In this paper we discuss the limitations of RAID 5, the benefits of adopting RAID 6, present a RAID 6 IP block the verification process, and an example RAID 6 based application.
RAID allows the combination of multiple hard disk drives to provide a combination of one or more of the following characteristics:
- Protection against data loss.
- Provision of real-time data recovery with uninterrupted data access during both drive failure or data recovery.
- Increased system uptime and network availability.
- Multiple drives working in parallel which increases system performance.
Various RAID levels were proposed by Paterson et al in their 1981 paper  describing RAID architectures. Of these, RAID 5 offered the best performance in terms of reliability when compared with the overall system cost, data availability, redundancy overhead and data throughput.
RAID 5 utilises a single redundant disk which contains parity data to allow data recovery for and single disk failure or read error. The parity calculation may be readily implemented in software or in via a simple field of XOR gates in hardware.
Fig. 1. RAID 5 implementation. Data and associated parity are striped across the drives. This is the smallest RAID 5 array type with the data and parity locations being rotated on each stripe
The need for greater redundancy in array based systems was originally limited by the purchase cost and the low probability of simultaneous multiple disk failures. However, as disk capacities increase and disk arrays increase in density, the likelihood of an unrecoverable read error or multiple simultaneous disk failures occurring increase.

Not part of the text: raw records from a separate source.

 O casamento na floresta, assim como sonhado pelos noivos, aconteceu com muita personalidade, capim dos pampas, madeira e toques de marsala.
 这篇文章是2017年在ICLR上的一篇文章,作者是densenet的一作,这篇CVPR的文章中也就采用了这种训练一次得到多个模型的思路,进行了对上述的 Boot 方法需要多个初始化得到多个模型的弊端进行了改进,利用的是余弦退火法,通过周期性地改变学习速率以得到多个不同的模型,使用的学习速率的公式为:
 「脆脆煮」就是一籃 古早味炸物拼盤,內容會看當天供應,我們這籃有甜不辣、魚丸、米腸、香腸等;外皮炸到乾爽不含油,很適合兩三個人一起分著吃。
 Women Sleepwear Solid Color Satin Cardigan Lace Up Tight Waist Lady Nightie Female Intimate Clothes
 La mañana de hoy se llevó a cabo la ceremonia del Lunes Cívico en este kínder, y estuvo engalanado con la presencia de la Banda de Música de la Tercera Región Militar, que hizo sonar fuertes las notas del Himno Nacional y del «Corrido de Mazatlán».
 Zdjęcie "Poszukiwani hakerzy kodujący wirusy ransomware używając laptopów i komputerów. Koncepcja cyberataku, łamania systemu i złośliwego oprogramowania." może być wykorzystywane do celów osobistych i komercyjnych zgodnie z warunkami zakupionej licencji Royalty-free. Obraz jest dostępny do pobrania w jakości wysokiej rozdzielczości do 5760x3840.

The mean time to failure (MTTF) of disk drives has improved rapidly with less than 1% of disk drives failing a year . However, the probability of an unrecoverable read error occurring whilst restoring a disk array has increased due to the storage capacities now available from hard disk drives.
Fig. 2. Shows the probability of a read error occuring during an array rebuilding a single lost disk. Disks have a bit error rate for read accesses of 1 in 1014
Disk arrays using large numbers of disks, or a small number of large disk drives increases the probability of errors occurring in a RAID 5 disk array. The use of double disk redundancy, RAID 6, reduces the risks of this situation occurring.

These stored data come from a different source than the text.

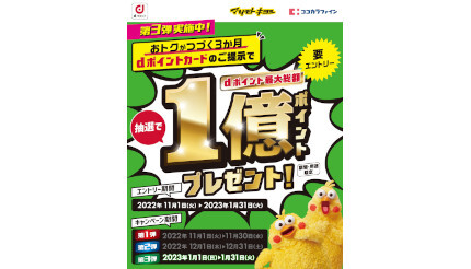なお、2月以降は内容を一部変更し、事前対象期間(1か月半~半月前)に楽天ポイントカードを提示して1ポイント以上獲得すると当選確率が2倍にアップするという。2月度事前対象期間は22年12月16日~23年1月15日。
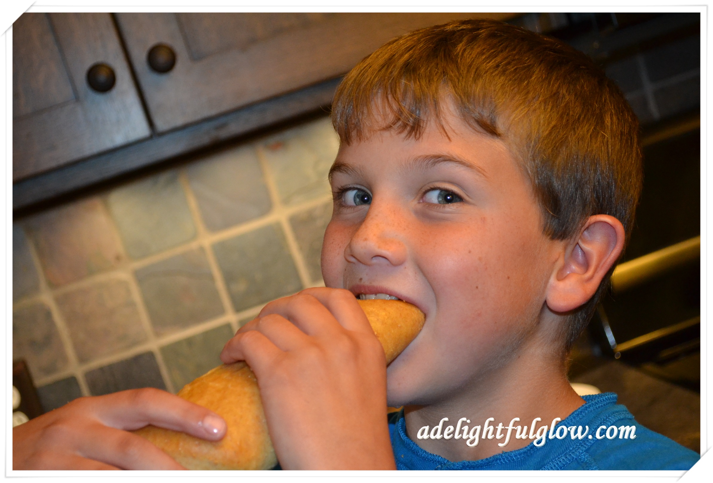 So he did. He used 1/4 of a circle of dough for one roll instead of cutting it into three pieces like we normally would. I think he was pretty pleased with how it turned out and he totally enjoyed eating it. He didn’t end up eating it all in one setting, but that might partly be because he had already eaten a normal size roll fresh out of the oven.
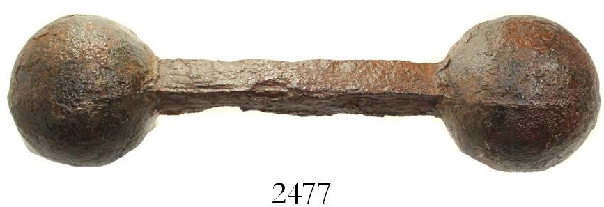 Iron barshot with spherical ends. 11 lb, 12-1/2" long, each ball 3-1/2" in diameter. Two typical cannonballs with square-shank bar between them, used to foul rigging, the rough and rusty surfaces stabilized and sealed, completely intact. From the Spanish 1733 Fleet, Florida Keys, with DHL Rare Coins photo-certificate.
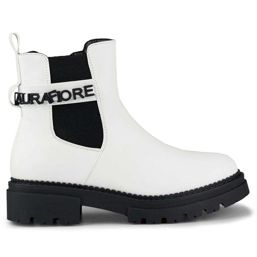 Detalles: Botas blancas de mujer fabricadas en ecopiel con inscripción decorativa. blanco
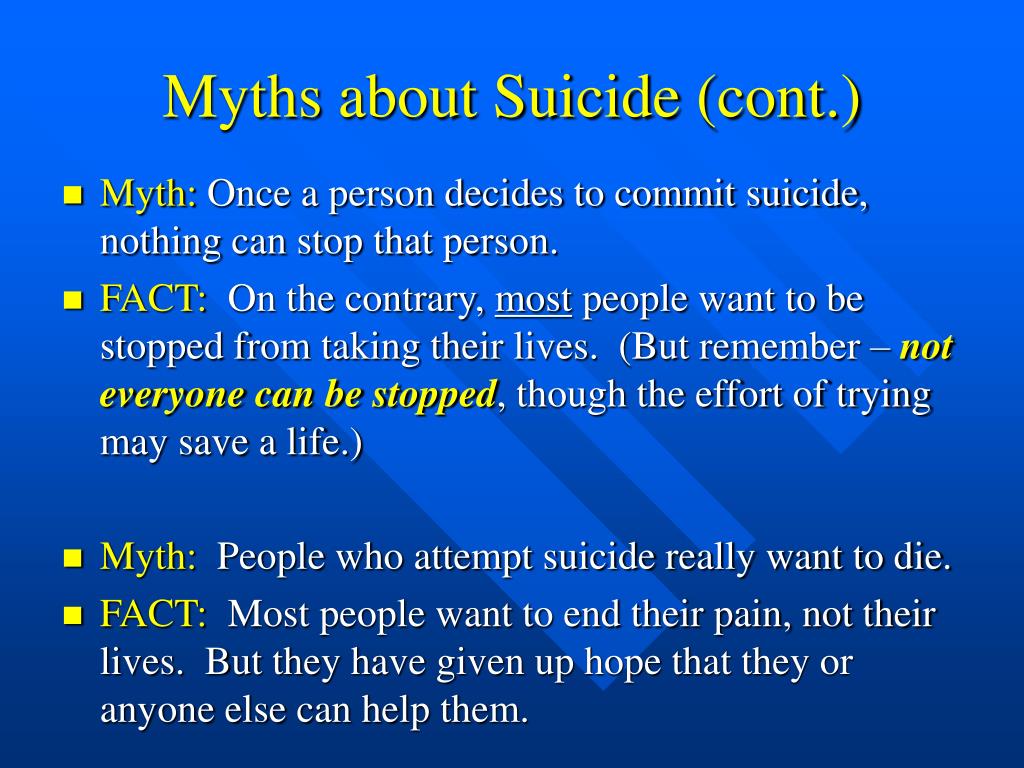 Myths about Suicide (cont.) • Myth: Once a person decides to commit suicide, nothing can stop that person. • FACT: On the contrary, most people want to be stopped from taking their lives. (But remember – not everyone can be stopped, though the effort of trying may save a life.) • Myth: People who attempt suicide really want to die. • FACT: Most people want to end their pain, not their lives. But they have given up hope that they or anyone else can help them.
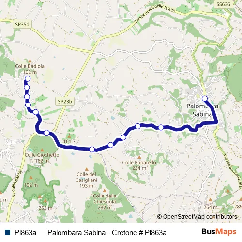 The first stop of the Pl863a bus route is Palombara | Viale Rieti # f14836 and the last stop is Palombara | Cretone # f14012. Pl863a (Palombara Sabina - Cretone # Pl863a) is operational during everyday.
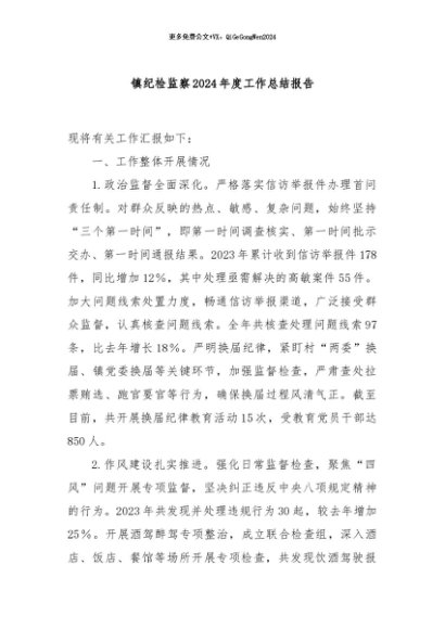 / 【七哥公文】2024年:镇纪检监察2024年度工作总结报告+更多免费公文+VX:QiGeGongWen2024
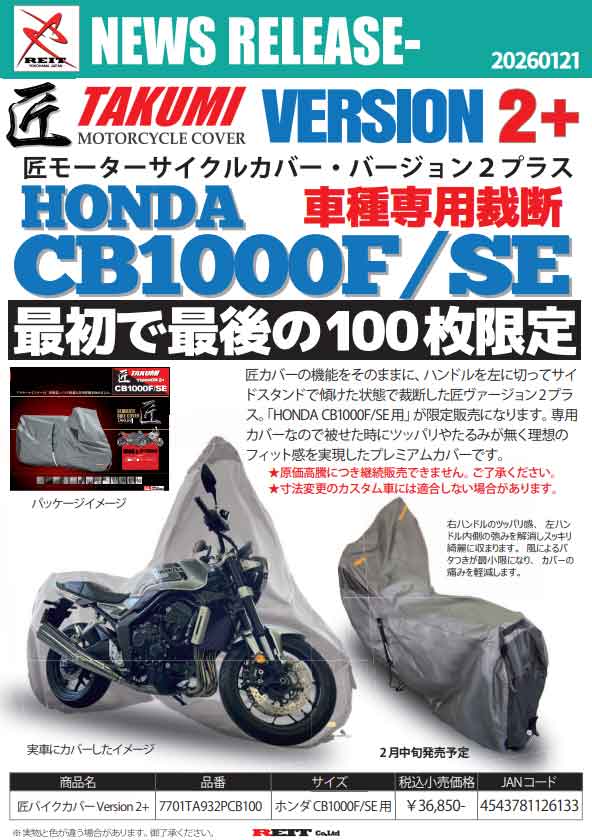レイト商会ECサイト お知らせ一覧 匠車種専バイクカバー CB1000F/SE 2月中旬 100枚限定発売 匠車種専バイクカバー CB1000F/SE 2月中旬 100枚限定発売 ニュース 寒波の影響によるお荷物のお届け遅延について カエディア商品、バラ取寄せ商品の納期について 日付 2026/01/21 内容 匠バイクカバー Ver2+ 車種専 CB1000F/SE 2月中旬 100枚限定発売 添付ファイルダウンロード ファイルをダウンロード 20260121_TAKUMIV2PCB1000.pdf 寒波の影響によるお荷物のお届け遅延について カエディア商品、バラ取寄せ商品の納期について お知らせ一覧へ

RAID 6 whilst not defined in the original RAID definitions has been loosely defined as offering support for the recovery of any 2 disk erasures. A number of algorithms proposed for the implementations of RAID 6 including, EVEN-ODD encoding  and Reed-Solomon (RS) coding .
Fig. 3. RAID 6 RS based design. Shows the smallest array size with two data disks and two checksum disks.
Our solution utilises a Reed-Solomon based encoding scheme over a Galois field of 16, which necessitates the use of two redundant disk drives . The use of Reed- Solomon codes instead of one of the other algorithms was determined by the ease of implementation and the similarities between this algorithm and RAID 5. RAID 5 may be considered special case of Reed-Solomon with a redundancy of 1, and therefore the RAID 6 implementation may make use of data striping and other RAID 5 type optimisations for updating stripes.
THE RAID 6 IP BLOCK
Our RAID 6 IP block is based upon a pipelined Reed- Solomon encoder and decoder with a controlling state machine and local memory.
Reed-Solomon coding is performed over a Finite or Galois field. Galois field arithmetic is well suited to hardware implementation as the results of all multiplications and division are guaranteed to be real numbers. The use of Galois field arithmetic makes the algorithm time consuming to implement in software as the algorithm calls for a number of operations to be performed per input data block.
All Galois field addition and subtraction is performed by an XOR operation. Multiplication and division may be performed utilising the logarithms and anti-logarithms. These are readily implemented as lookup tables in hardware.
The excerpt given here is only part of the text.